Changing the world ain’t what it’s cracked up to be. What a burden it would be to think that in order for a life to truly count before the Lord someone must do something that has a far-reaching, epoch-sweeping impact that will echo down throughout the ages in connection with their name. Yet far too often it seems as though “changing the world” has become synonymous with “be remembered by people that never knew you” as though true importance is measured by how much impact you have upon those you’ve never met.

Whenever a celebrity dies, there’s an almost ritualistic outpouring of public grief – “2016 can’t get any worse now that Leonard Cohen died.” But the truth is that Leonard Cohen’s presence among the living or the dead has absolutely zero impact upon you. His music, fixed and in the past, might. But the sum total of their deaths is a mere vapor of grief that evaporates away and then is forgotten.

For me, I want to teach my sons to devote their time to doing the things that only they can do.

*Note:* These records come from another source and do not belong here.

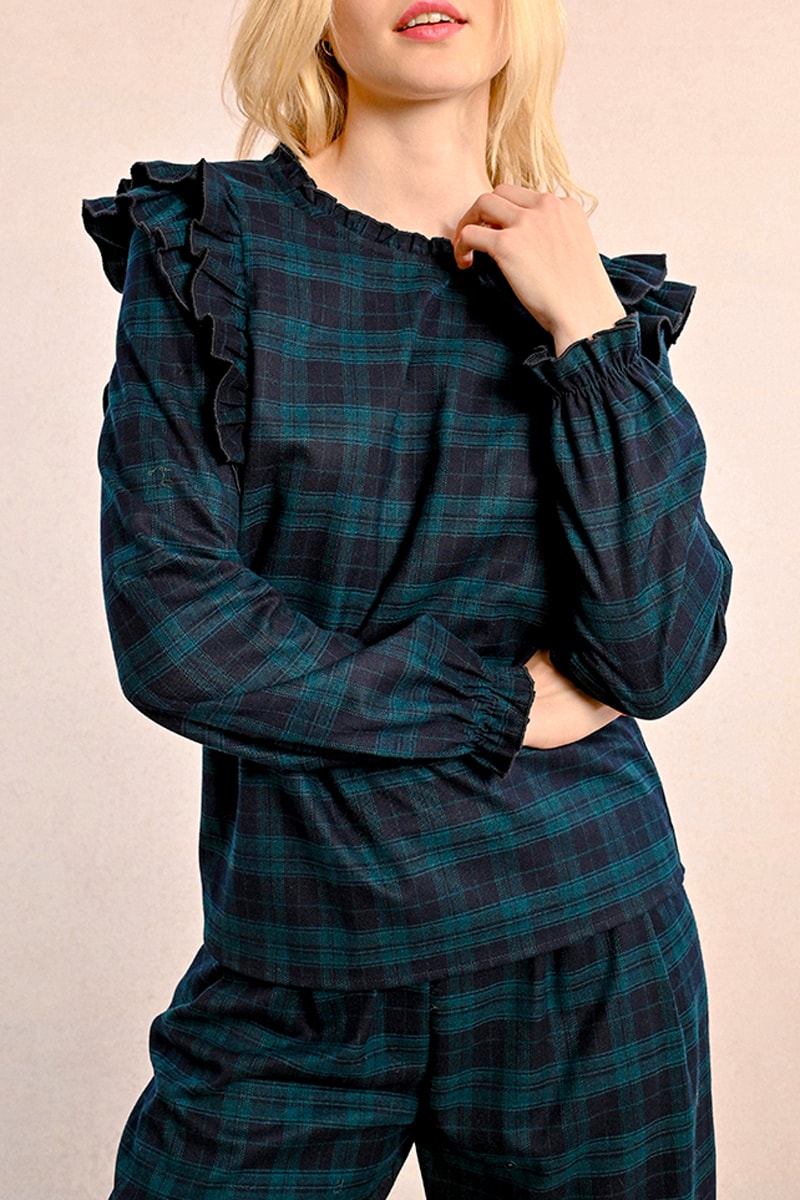 Volants à l'encolure, sur les manches, devant et au dos.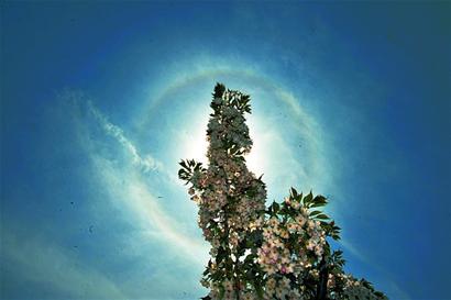 ![]() “看,空中七彩光環(huán)環(huán)抱太陽,地上是一片櫻花花海,真是難得!”昨天上午10時(shí),正在中山公園賞櫻的市民惠女士發(fā)現(xiàn),天空出現(xiàn)日暈奇景,日暈仿佛一道環(huán)抱太陽的彩虹,許多市民駐足觀望,欣賞這一鮮見的氣象奇觀。 據(jù)氣象專家介紹,日暈是一種比較罕見的大氣現(xiàn)象,是因?yàn)榫嚯x地面10公里以上的高空中出現(xiàn)了由冰晶構(gòu)成的卷層云,陽光透過這些云層產(chǎn)生折射后,便分解成紅、綠、橙、紫等多種顏色,形成了“日暈”。 氣象專家介紹說,日暈在一定程度上可以成為風(fēng)雨將臨的一種前兆,在我國農(nóng)諺中,就有“日暈三更雨,月暈午時(shí)風(fēng)”的說法。(記者 于小陽 攝) |
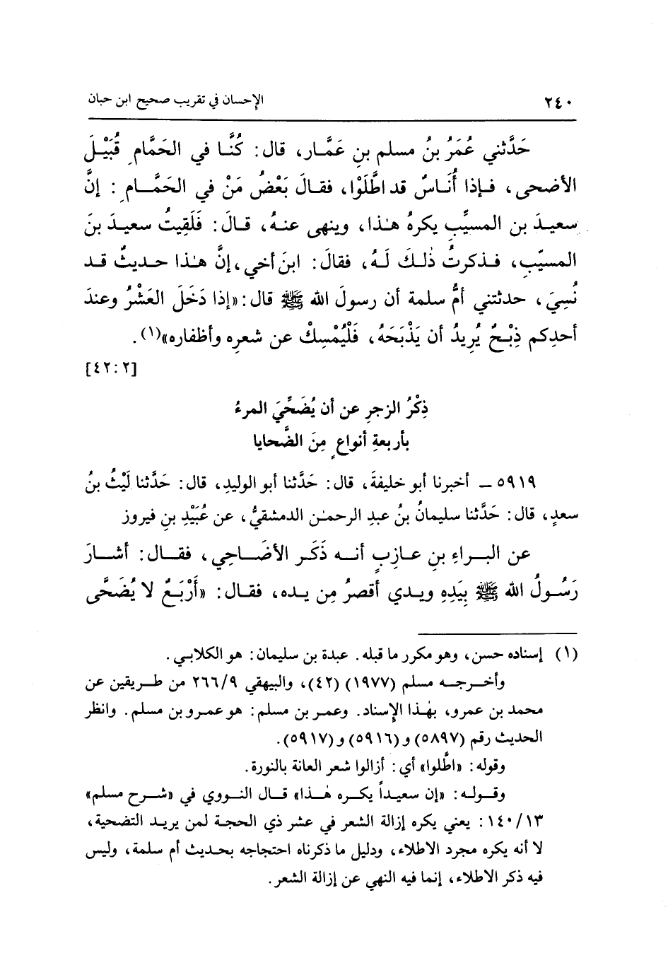 حَدَّثَنِي عُمَرُ، بْنُ مُسْلِمِ بْنِ عَمَّارٍ، قَالَ: كُنَّا فِي الْحَمَّامِ قُبَيْلَ الْأَضْحَى، فَإِذَا أُنَاسٌ قَدِ اطَّلَوْا، فَقَالَ بَعْضُ مَنْ فِي الْحَمَّامِ: إِنَّ سَعِيدَ بْنَ الْمُسَيِّبِ يَكْرَهُ هَذَا، وَيَنْهَى عَنْهُ، قَالَ: فَلَقِيتُ سَعِيدَ بْنَ الْمُسَيِّبِ، فَذَكَرْتُ ذلك له، فقال: بن أَخِي، إِنَّ هَذَا حَدِيثٌ قَدْ نُسِيَ حَدَّثَتْنِي أُمِّ سَلَمَةَ أَنَّ رَسُولَ اللَّهِ صَلَّى اللَّهُ عَلَيْهِ وَسَلَّمَ قَالَ: "إِذَا دَخَلَ الْعَشْرُ وَعِنْدَ أَحَدِكُمْ ذِبْحٌ يُرِيدُ أَنْ يَذْبَحَهُ، فَلْيُمْسِكْ عَنْ شعره وأظفاره" 1 [42:2]
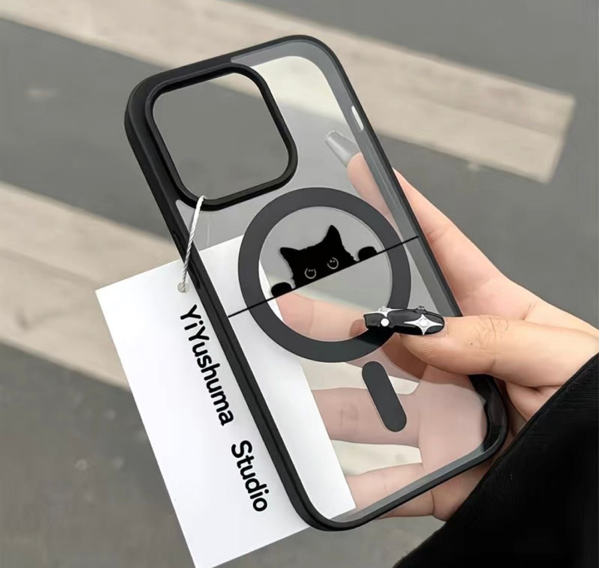 Черный чехол с котиком на iPhone 14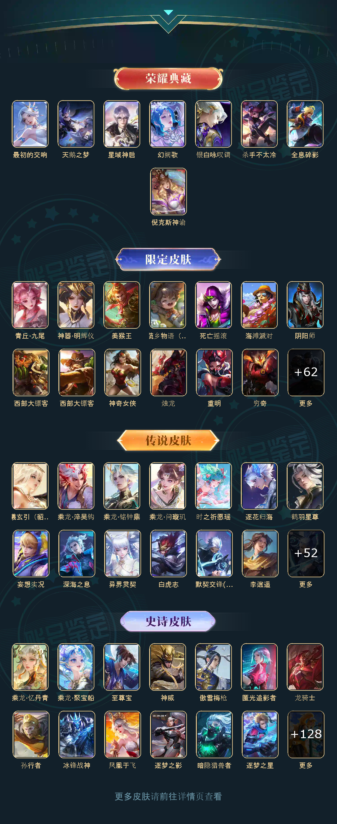 贵族等级V10,英雄数量124,典藏皮肤数8,皮肤数量448,天鹅之梦/全息碎影/倪克斯神谕/星域神启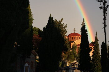 Ένα πανέμορφο ουράνιο τόξο εμφανίστηκε στη Θεσσαλονίκη το απόγευμα της Κυριακής (25/5) μετά από τη βροχή.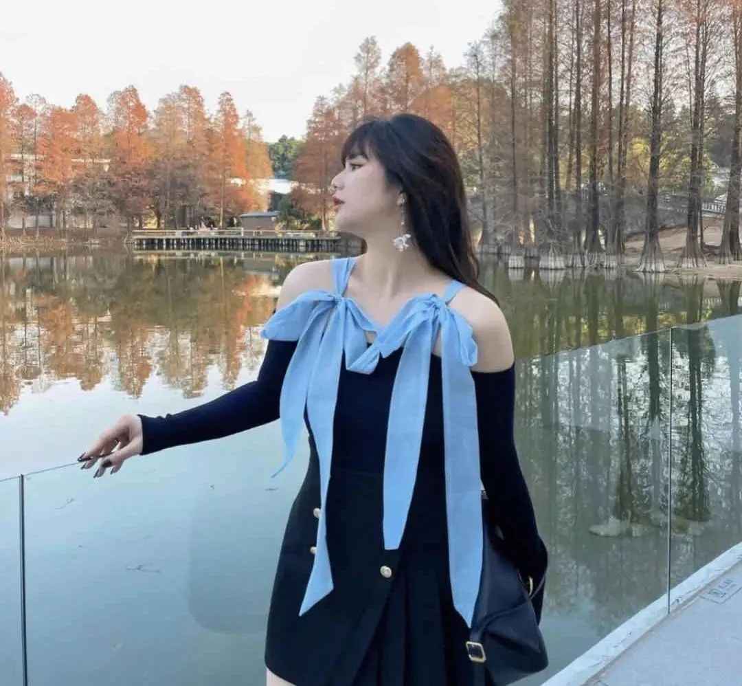 还有这种带长飘带的上衣也很绝,飘带和衣服主色对比鲜明,穿上身立马显瘦。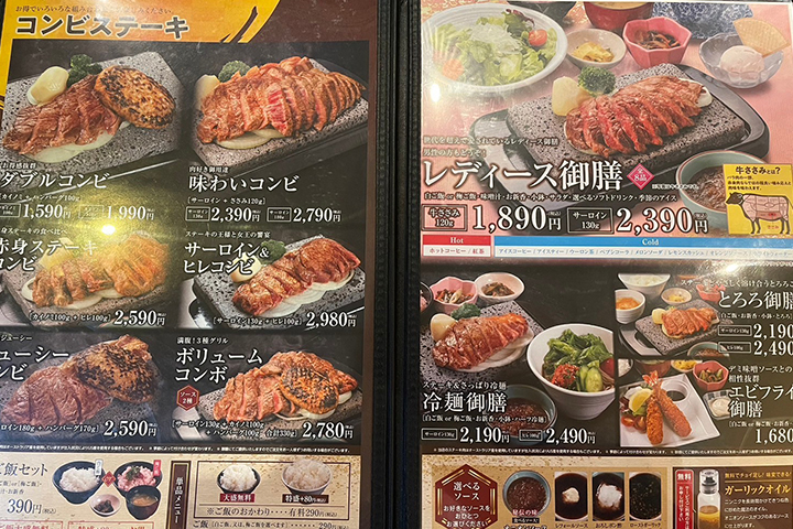 レディース御膳といった人気の御膳メニューの他、単品のステーキを選んでご飯セットをつけることもできます。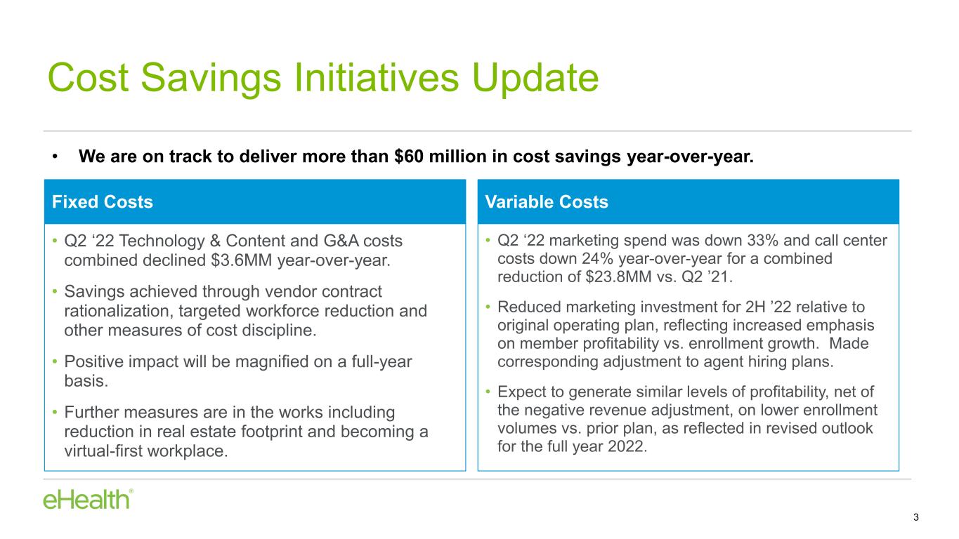 •Significant cost reductions achieved across the entire business including $23.8 million year-over-year reduction in combined Marketing & Advertising and Customer Care & Enrollment costs. We are on track to deliver more than $60 million in total cost reduction in 2022 compared to 2021.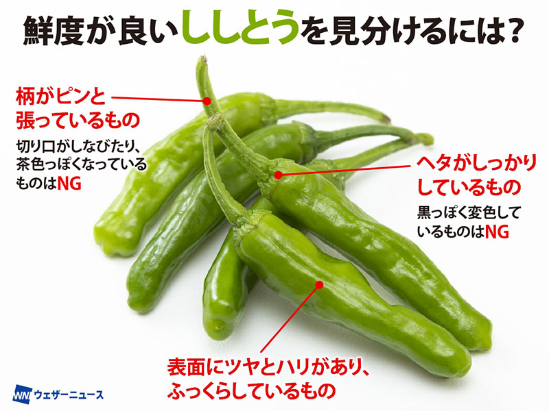 鮮度を見るポイントは? 生で冷蔵保存はNG? 旬のししとうの選び方と保存法 - ウェザーニュース。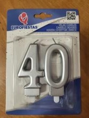 Žvakutė ant torto skaičius "40" sidabro spl. 7.7 cm.
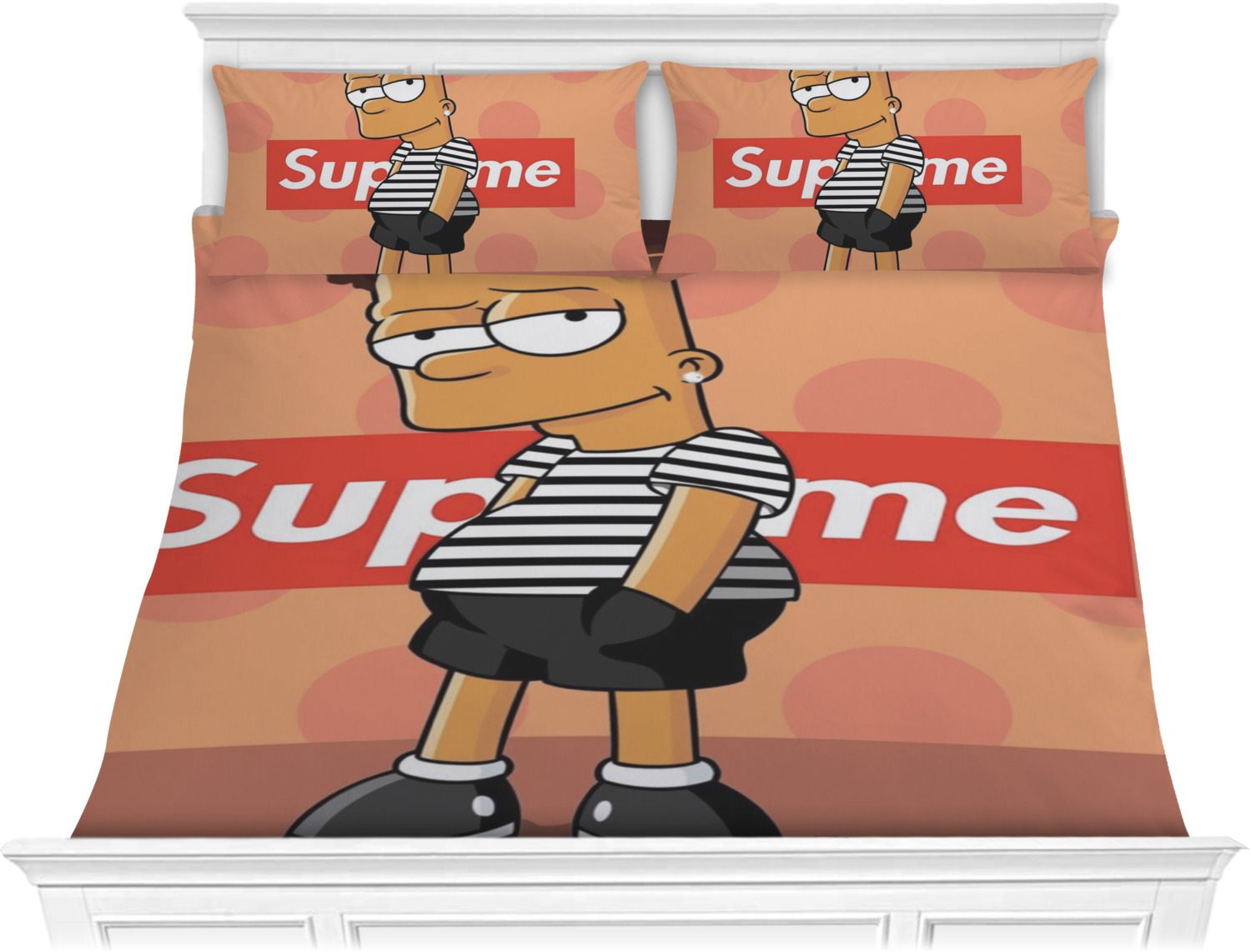 Both, the comforter and shams are digitally printed; all the fabric is then cut and sewn to make your custom comforter or comforter set.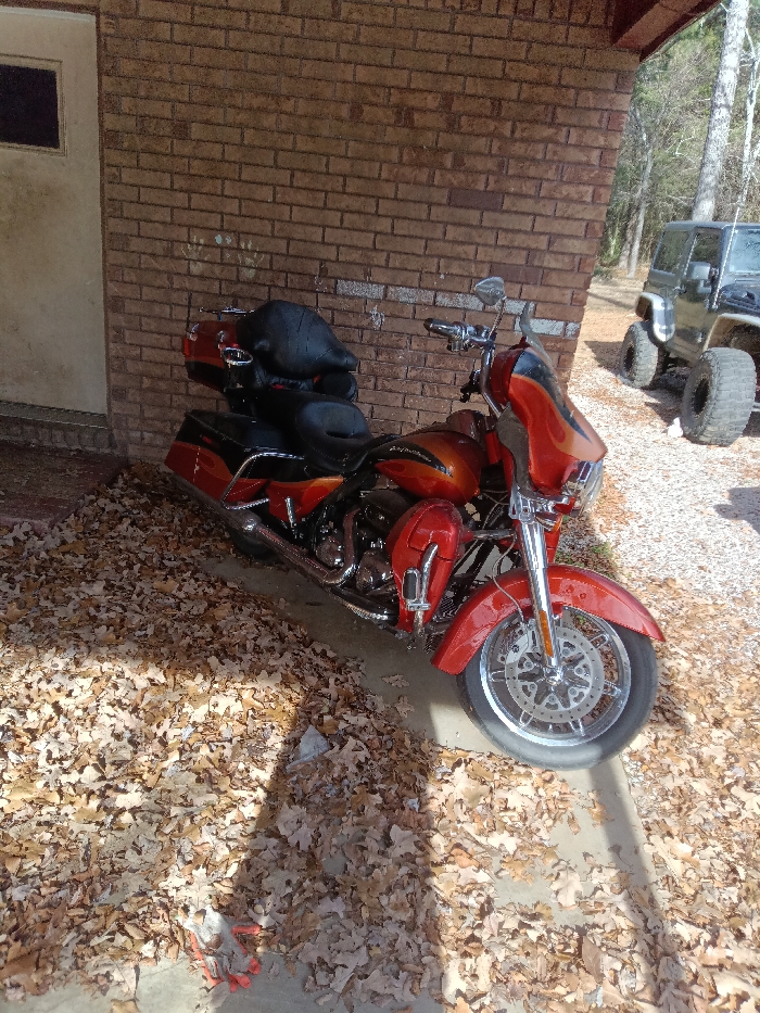 An orange and black motorcycle is parked on a concrete pad covered in brown leaves. The motorcycle is next to a brick wall, and a gray Jeep with large tires is visible in the background. The scene appears to be outdoors, possibly in a yard or driveway during the autumn season. The overall lighting suggests a sunny day.

I am the only one who can be a good husband to my wife – to lead her in godliness, to love and to cherish her, to sacrifice and care for her needs. I’m the only one who will be a father to my sons, to teach them what it means to be a man in a confused world, to be willing to suffer outside the camp, to respect others and care for those who are suffering. Others will certainly have influence, but I’m the only Daddy they get. And they need me to be the best kind of Daddy there is.

Far too often we worry about the breadth of our impact and neglect the truth that the real worth is in the depth. If John Piper didn’t exist, I would have simply read other books. If my pastor didn’t exist, I probably wouldn’t have married my wife. This isn’t to deny the way the Lord uses men who do great things. But the cumulative impact of a thousand sermons in my local church has far greater result than books written from afar by a stranger.

Even the grandest fame is always localized and temporalized. The name Thomas Edison means nothing in Croatia. But as much as those two concepts undermine fame, they also are the twin realities that give vitality to our ordinary lives. We are meant to be both localized and temporalized as part of God’s design. All of us live in a particular location in a particular moment in time after which we will return to the dust from whence we came. When we succumb to the lie that public importance is the path to spiritual worth we fail to do the very things that God has imbued with spiritual worth. What profit is reaching the world if you’ve never reached your neighbor next door?

And so, Blaise and Gresham, my prayer for you is not that you’ll be world changers. My prayer for you is that you will faithfully live to make much of Christ in whatever small circle the Lord has placed you in. I pray that you’ll love your church and serve there, love your spouse and children (should God bless you so), care for your aging and hopefully not-too-senile parents, talk about things that matter with your neighbors, and work at your professions to Christ’s honor. And when you go your funeral won’t be televised. There won’t be a storm of vaporously grieving people. But there will be rejoicing in heaven and you’ll hear a phrase used for millions before you and millions after – “Well done, good and faithful servant.”